▶ **WHAT YOU ARE ASKED TO DO**
Give back the entries that follow exactly as written. Any picture gets left out.

[Start of Attachment]

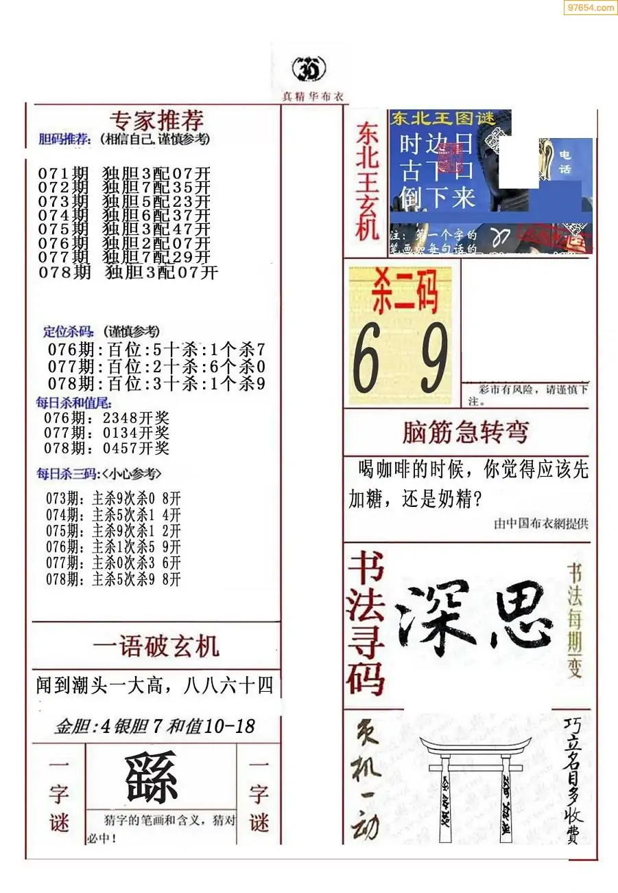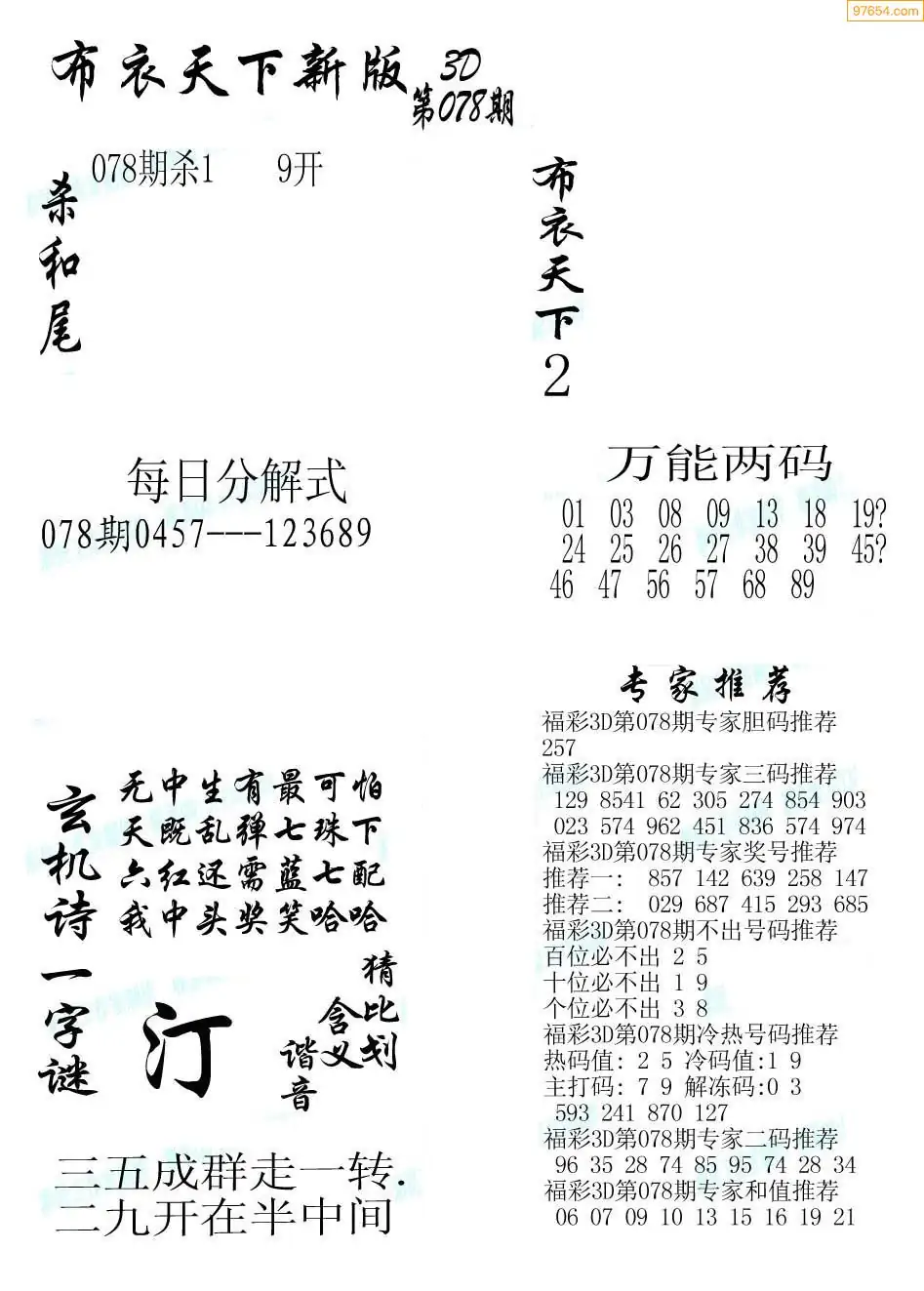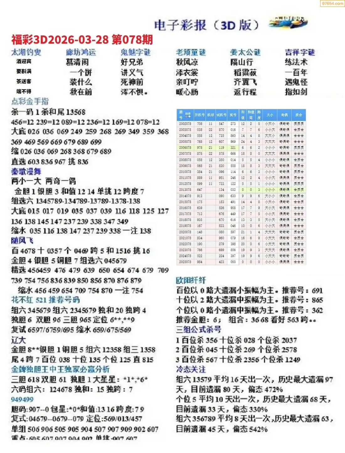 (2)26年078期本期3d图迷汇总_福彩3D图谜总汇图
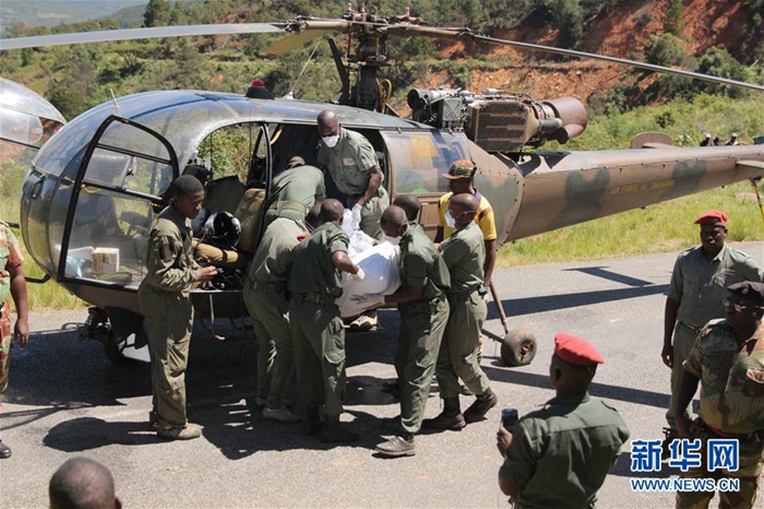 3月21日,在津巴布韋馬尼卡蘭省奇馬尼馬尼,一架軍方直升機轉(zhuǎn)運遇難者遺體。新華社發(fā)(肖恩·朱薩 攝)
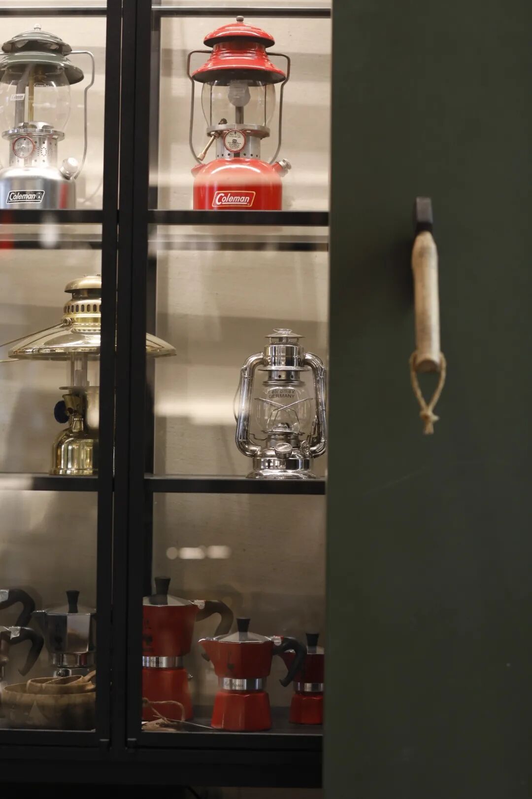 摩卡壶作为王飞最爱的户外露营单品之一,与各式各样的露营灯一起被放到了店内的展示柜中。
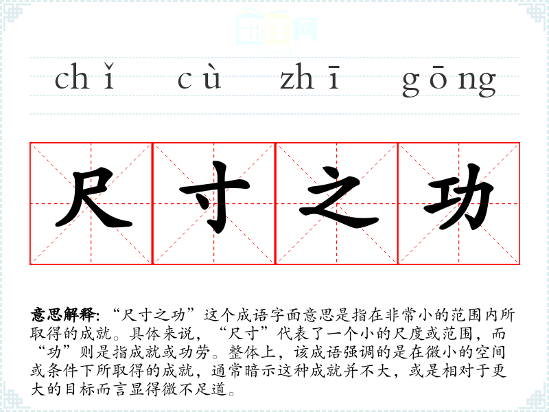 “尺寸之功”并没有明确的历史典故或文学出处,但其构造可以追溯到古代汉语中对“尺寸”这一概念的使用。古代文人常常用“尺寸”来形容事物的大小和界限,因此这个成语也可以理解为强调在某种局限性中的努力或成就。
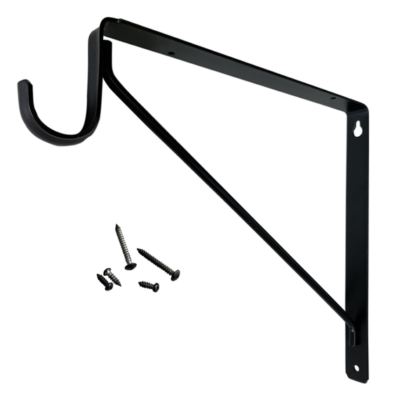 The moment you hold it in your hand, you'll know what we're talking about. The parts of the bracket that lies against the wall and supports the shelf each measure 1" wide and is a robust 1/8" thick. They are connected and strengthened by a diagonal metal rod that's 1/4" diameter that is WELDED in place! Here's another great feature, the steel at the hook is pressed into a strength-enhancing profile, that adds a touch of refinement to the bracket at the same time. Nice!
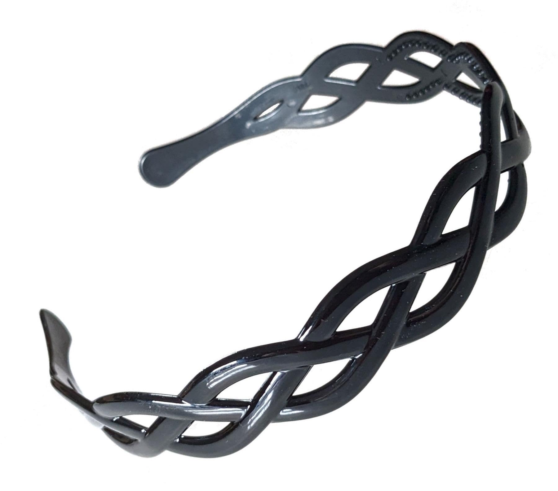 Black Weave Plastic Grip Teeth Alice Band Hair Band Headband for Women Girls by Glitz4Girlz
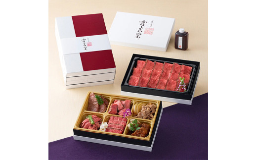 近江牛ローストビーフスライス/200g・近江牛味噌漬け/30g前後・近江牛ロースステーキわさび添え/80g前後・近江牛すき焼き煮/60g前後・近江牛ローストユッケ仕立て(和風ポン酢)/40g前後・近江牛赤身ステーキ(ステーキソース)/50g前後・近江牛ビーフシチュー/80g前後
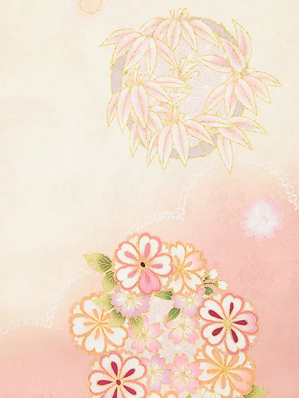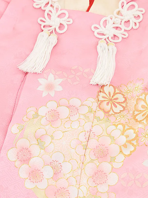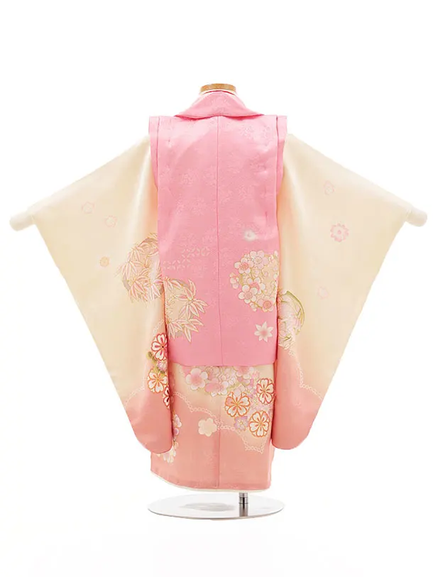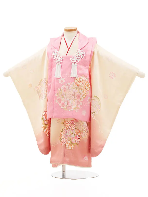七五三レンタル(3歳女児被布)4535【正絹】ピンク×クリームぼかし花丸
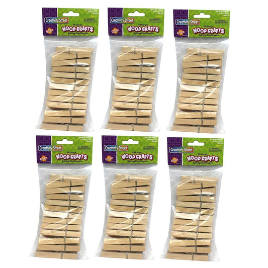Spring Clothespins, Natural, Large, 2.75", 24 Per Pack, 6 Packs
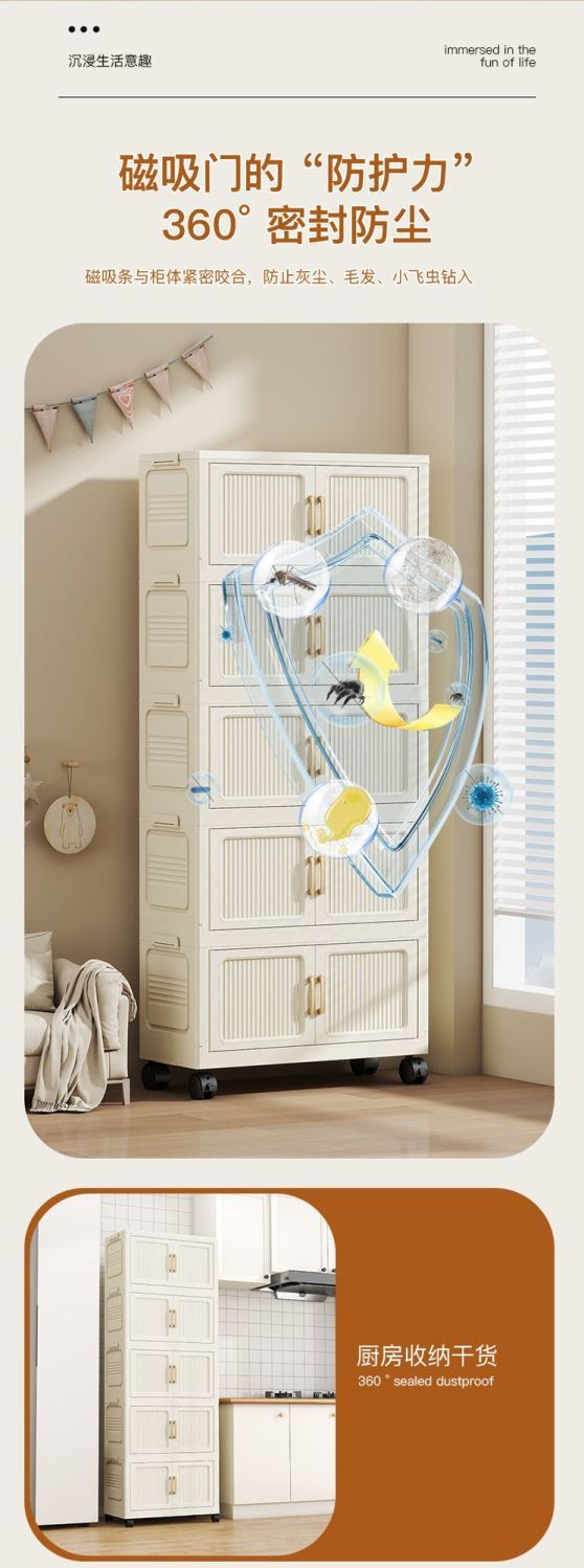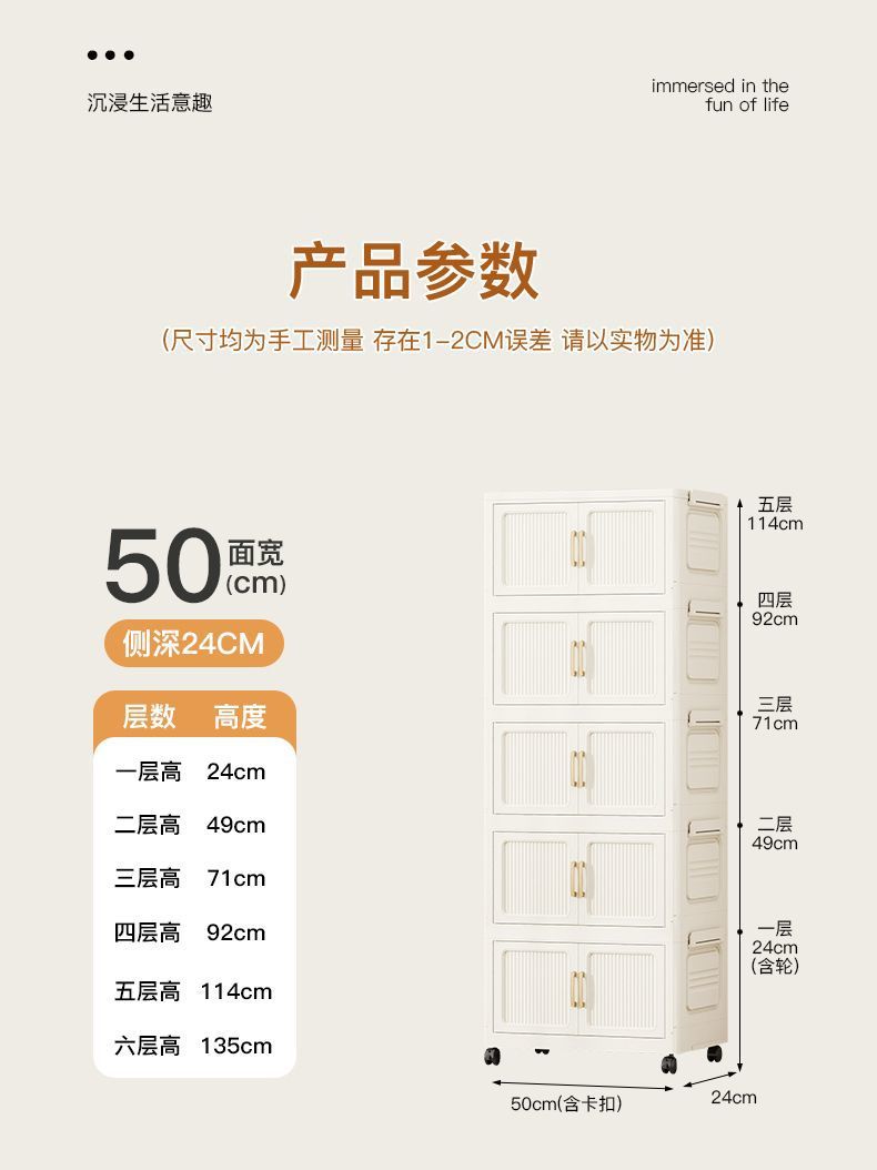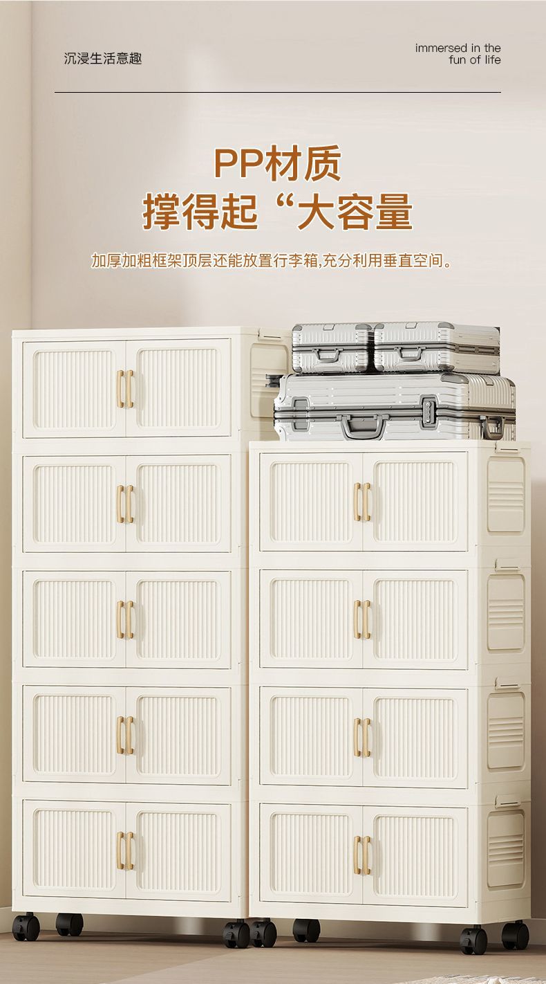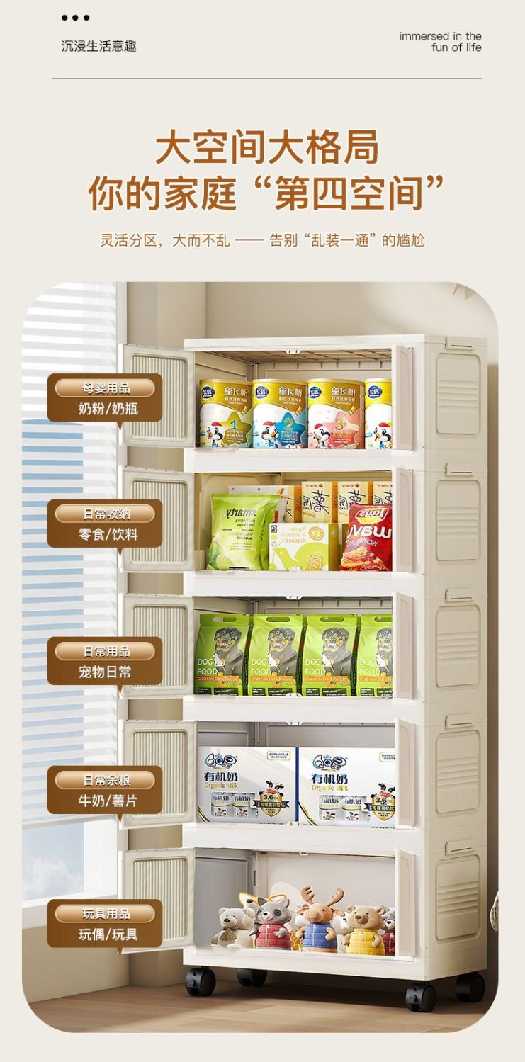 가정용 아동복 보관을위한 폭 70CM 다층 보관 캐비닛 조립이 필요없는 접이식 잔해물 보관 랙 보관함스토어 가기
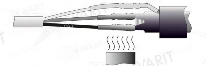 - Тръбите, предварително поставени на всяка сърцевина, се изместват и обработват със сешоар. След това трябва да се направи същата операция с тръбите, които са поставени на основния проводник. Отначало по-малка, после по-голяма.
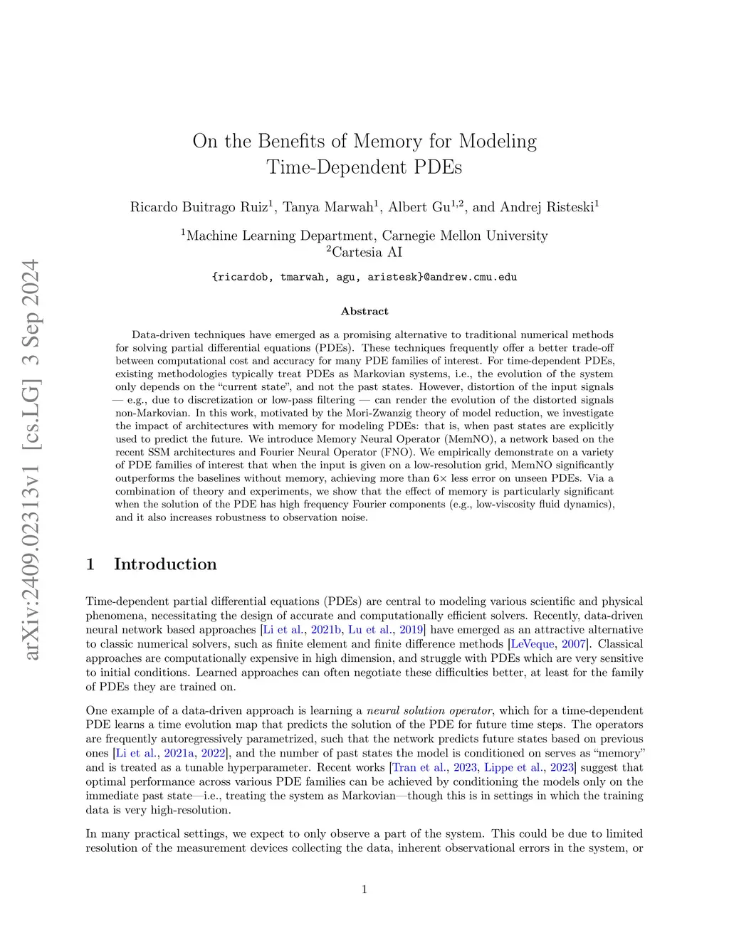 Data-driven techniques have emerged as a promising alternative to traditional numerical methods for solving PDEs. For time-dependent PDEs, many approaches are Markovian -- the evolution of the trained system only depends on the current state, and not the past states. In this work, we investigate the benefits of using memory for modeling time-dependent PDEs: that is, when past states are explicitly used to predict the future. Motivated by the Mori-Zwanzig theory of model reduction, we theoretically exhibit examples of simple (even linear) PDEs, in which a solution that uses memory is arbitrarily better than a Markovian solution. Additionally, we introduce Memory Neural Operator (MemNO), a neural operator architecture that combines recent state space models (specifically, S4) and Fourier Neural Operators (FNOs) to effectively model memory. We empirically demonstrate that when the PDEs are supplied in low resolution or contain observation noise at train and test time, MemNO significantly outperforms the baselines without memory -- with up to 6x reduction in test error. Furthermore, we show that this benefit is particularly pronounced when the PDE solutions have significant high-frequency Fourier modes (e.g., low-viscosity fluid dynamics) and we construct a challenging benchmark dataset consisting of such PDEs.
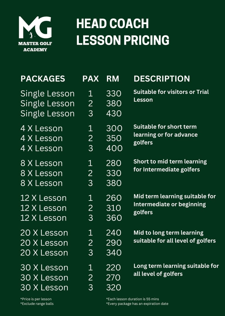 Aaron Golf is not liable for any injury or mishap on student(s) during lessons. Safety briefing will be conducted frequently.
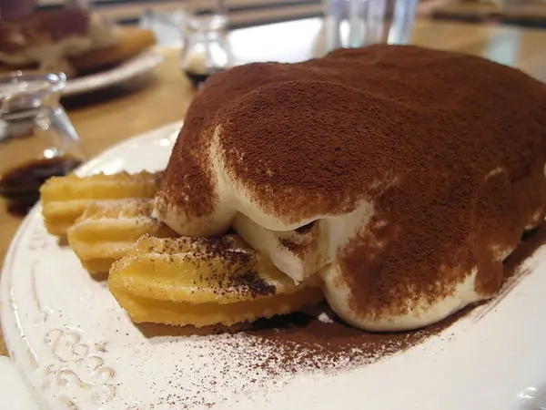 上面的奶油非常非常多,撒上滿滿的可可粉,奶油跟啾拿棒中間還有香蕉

[End of Attachment]

▶ **RESULT OF THIS EXERCISE**
 (2)26年078期本期3d图迷汇总_福彩3D图谜总汇图
 3月21日,在津巴布韋馬尼卡蘭省奇馬尼馬尼,一架軍方直升機轉(zhuǎn)運遇難者遺體。新華社發(fā)(肖恩·朱薩 攝)
 摩卡壶作为王飞最爱的户外露营单品之一,与各式各样的露营灯一起被放到了店内的展示柜中。
 “尺寸之功”并没有明确的历史典故或文学出处,但其构造可以追溯到古代汉语中对“尺寸”这一概念的使用。古代文人常常用“尺寸”来形容事物的大小和界限,因此这个成语也可以理解为强调在某种局限性中的努力或成就。
 The moment you hold it in your hand, you'll know what we're talking about. The parts of the bracket that lies against the wall and supports the shelf each measure 1" wide and is a robust 1/8" thick. They are connected and strengthened by a diagonal metal rod that's 1/4" diameter that is WELDED in place! Here's another great feature, the steel at the hook is pressed into a strength-enhancing profile, that adds a touch of refinement to the bracket at the same time. Nice!
 Black Weave Plastic Grip Teeth Alice Band Hair Band Headband for Women Girls by Glitz4Girlz
 近江牛ローストビーフスライス/200g・近江牛味噌漬け/30g前後・近江牛ロースステーキわさび添え/80g前後・近江牛すき焼き煮/60g前後・近江牛ローストユッケ仕立て(和風ポン酢)/40g前後・近江牛赤身ステーキ(ステーキソース)/50g前後・近江牛ビーフシチュー/80g前後
七五三レンタル(3歳女児被布)4535【正絹】ピンク×クリームぼかし花丸
Spring Clothespins, Natural, Large, 2.75", 24 Per Pack, 6 Packs
 가정용 아동복 보관을위한 폭 70CM 다층 보관 캐비닛 조립이 필요없는 접이식 잔해물 보관 랙 보관함스토어 가기
 - Тръбите, предварително поставени на всяка сърцевина, се изместват и обработват със сешоар. След това трябва да се направи същата операция с тръбите, които са поставени на основния проводник. Отначало по-малка, после по-голяма.
 Data-driven techniques have emerged as a promising alternative to traditional numerical methods for solving PDEs. For time-dependent PDEs, many approaches are Markovian -- the evolution of the trained system only depends on the current state, and not the past states. In this work, we investigate the benefits of using memory for modeling time-dependent PDEs: that is, when past states are explicitly used to predict the future. Motivated by the Mori-Zwanzig theory of model reduction, we theoretically exhibit examples of simple (even linear) PDEs, in which a solution that uses memory is arbitrarily better than a Markovian solution. Additionally, we introduce Memory Neural Operator (MemNO), a neural operator architecture that combines recent state space models (specifically, S4) and Fourier Neural Operators (FNOs) to effectively model memory. We empirically demonstrate that when the PDEs are supplied in low resolution or contain observation noise at train and test time, MemNO significantly outperforms the baselines without memory -- with up to 6x reduction in test error. Furthermore, we show that this benefit is particularly pronounced when the PDE solutions have significant high-frequency Fourier modes (e.g., low-viscosity fluid dynamics) and we construct a challenging benchmark dataset consisting of such PDEs.
 Aaron Golf is not liable for any injury or mishap on student(s) during lessons. Safety briefing will be conducted frequently.
 上面的奶油非常非常多,撒上滿滿的可可粉,奶油跟啾拿棒中間還有香蕉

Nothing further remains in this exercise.